The vendoring function is [`gps.WriteDepTree()`](https://godoc.org/github.com/golang/dep/gps#WriteDepTree). While it takes a handful of arguments, the relevant one is a [`gps.Lock`](https://godoc.org/github.com/golang/dep/gps#Lock) - an interface representing an abstracted form of the data held in a `Gopkg.lock`.

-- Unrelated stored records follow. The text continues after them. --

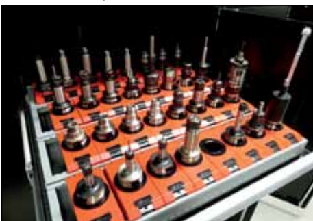
THOUSANDS OF TOOLHOLDERS & PERISHABLE TOOLING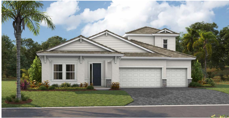
COASTAL A | COA1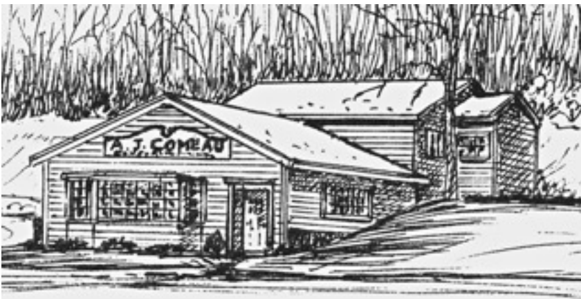
The company office moved to 395 Boston Post Road in 1958. Artist unknown.

Footnotes and bibliography on page 23, at the end of the next article.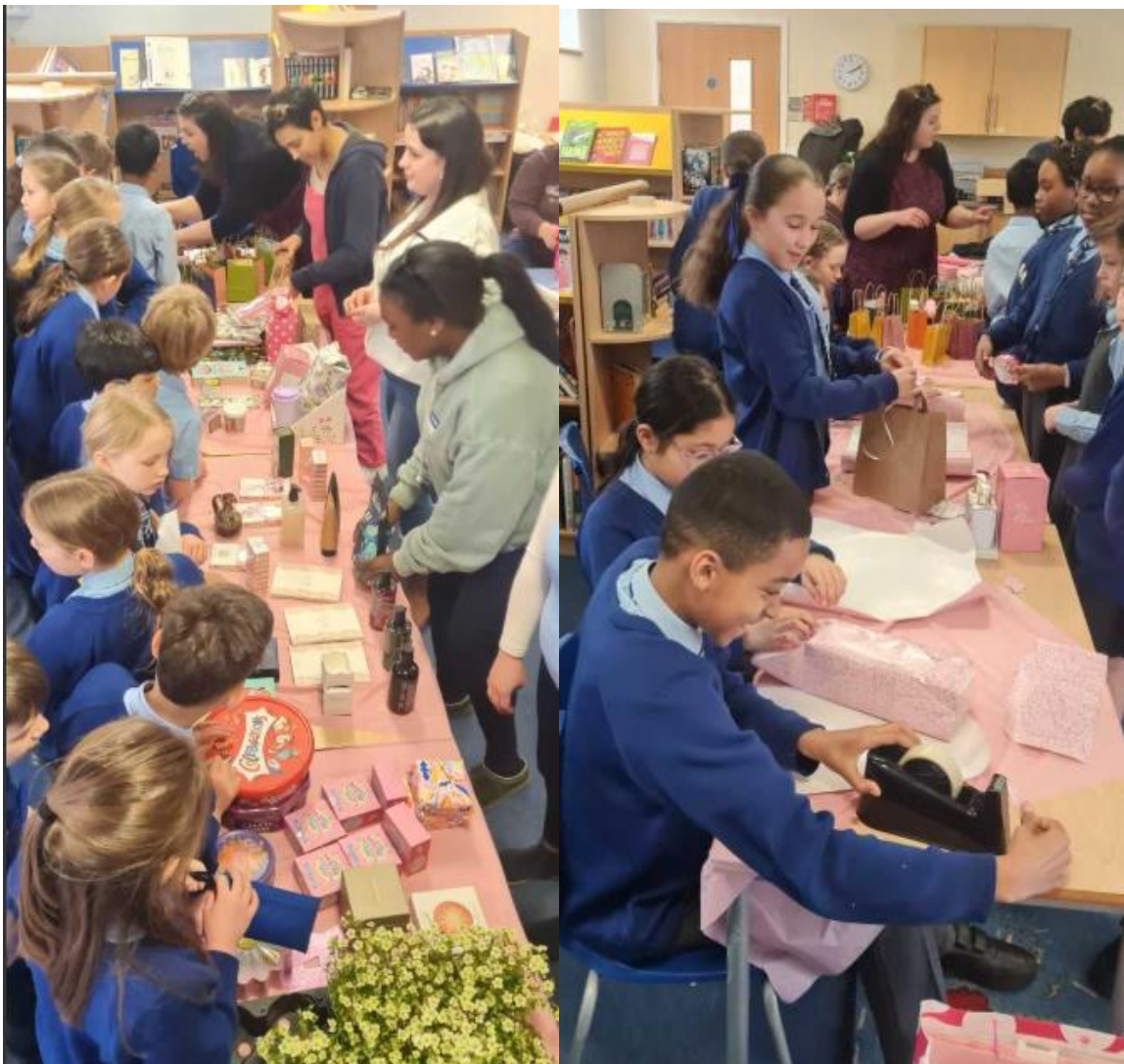
Happy gift-purchasing and expert wrapping!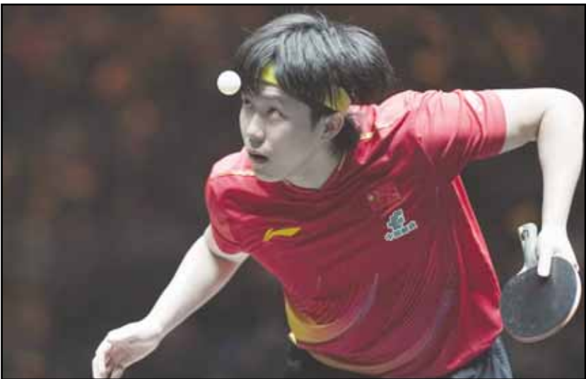
Wang Chuqin of China serves during the men's singles round of 32 match against Milosz Redzimski of Poland at 2025 World Table Tennis (WTT) China Smash in Beijing, China. (Xinhua)

BEIJING, Oct 1, (Xinhua): World No. 1 Wang Chuqin emerged victorious in a five-game battle against Poland's Milosz Redzimski to advance to the men's singles last 16 at the World Table Tennis (WTT) China Smash on Wednesday. Facing the 45th-ranked Redzimski in their first head-to-head, Wang took the first two games 11-7, 11-4. Seemingly headed for a comfortable win, the top seed fell into an 8-2 hole in the third game, rallied with seven straight points for a 9-8 edge, but lost 12-10. With two Table Tennis Review calls going against him, Wang dropped the fourth game 11-8 and trailed 4-2 in the decider. He then reeled off three points in a row to move ahead 8-5. Redzimski pulled back to 9-8, but amid loud home support Wang held firm to close out an 11-8 victory, avoiding another round-of-32 exit at the event after last year. Wang was joined in the last 16 by Liang Jingkun, who rallied past Lin Gaoyuan 3-1 in an all-Chinese clash. Liang led their head-to-head 9-3 before Wednesday's match. "We have played against each other for many years. It seems that every time the draw makes us together," Liang said after his win. Lin took the early initiative, breaking a 7-7 tie with three points in a row to take the opening game 11-8. Liang then turned the match around with powerful attacks, winning 13-11, 11-9, 11-5 to seal victory. Instead of focusing on his own performance, Liang asked the crowd to applaud Lin. "He has worked so hard for Team China in many years," Liang commented.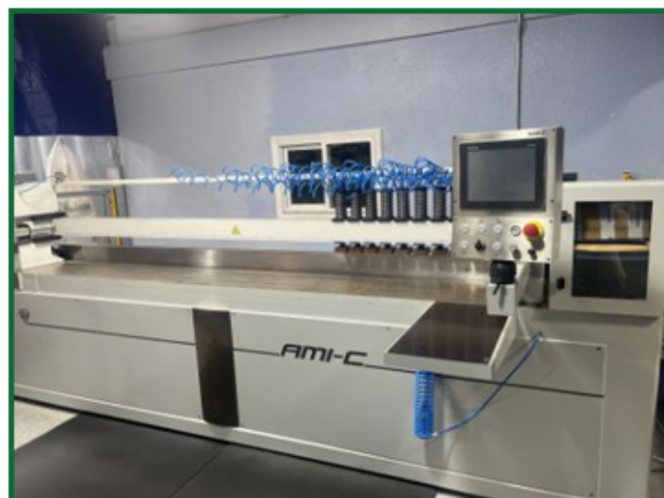
2022 Bermaq AMI-C 3100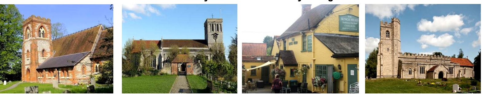
(Stoke Mandeville (8) 8cwt, 10.00am, Haddenham (8) 17cwt, 11.30am. Lunch at The King's Head, Haddenham. Dinton (6) 15cwt, 2.15pm) Please click on the link below for the Menu at the King's Arms, and then let Hugh know your food order as soon as possible: http://www.kingsheadhaddenham.co.uk/Kings%20Head%20Menu%202014.pdf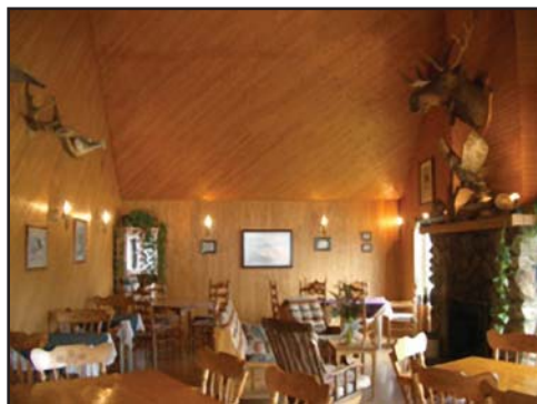
The dining room at Fer a' Cheval Fishing Lodge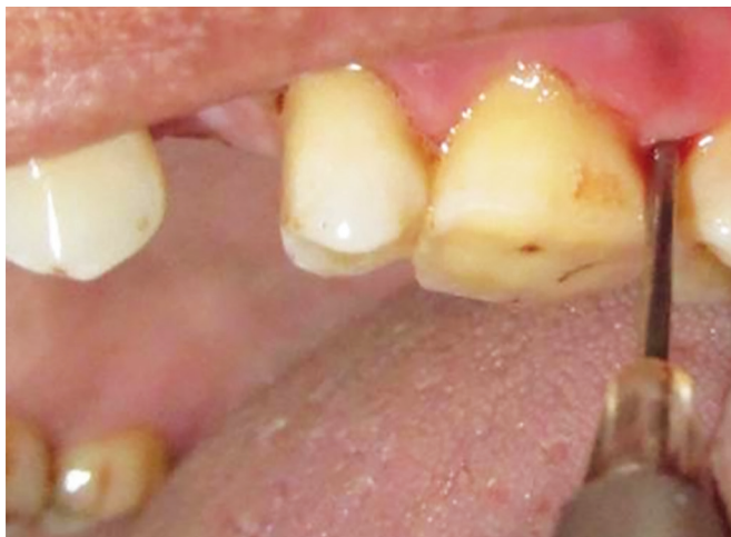
Fig. 1: Lazing

was irrigated with normal saline after each session of irradiation.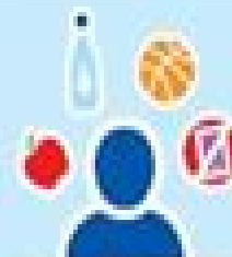
Staff Role Modelling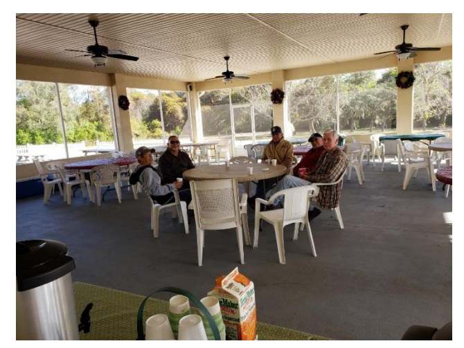
The first for morning coffee and pastries.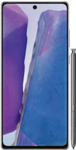
Samsung Galaxy Note20

Please remember to bring your NRIC and Staff Pass to qualify for CORI promos

The four state system, and these functional flows through it, are the foundation on which all of dep's behavior is built. If you want to understand dep's mechanics, keep this model at the forefront of your mind.

### Staying in sync

One of dep's design goals is that both of its "functions" minimize both the work they do, and the change they induce in their respective outputs. Consequently, both functions peek ahead at the pre-existing output to understand what work actually needs to be done:

* The solving function checks the existing `Gopkg.lock` to determine if all of its inputs are satisfied. If they are, the solving function can be bypassed entirely. If not, the solving function proceeds, but attempts to change as few of the selections in `Gopkg.lock` as possible.
* The vendoring function hashes each discrete project already in `vendor/` to see if the code present on disk is what `Gopkg.lock` indicates it should be. Only projects with hash mismatches are rewritten.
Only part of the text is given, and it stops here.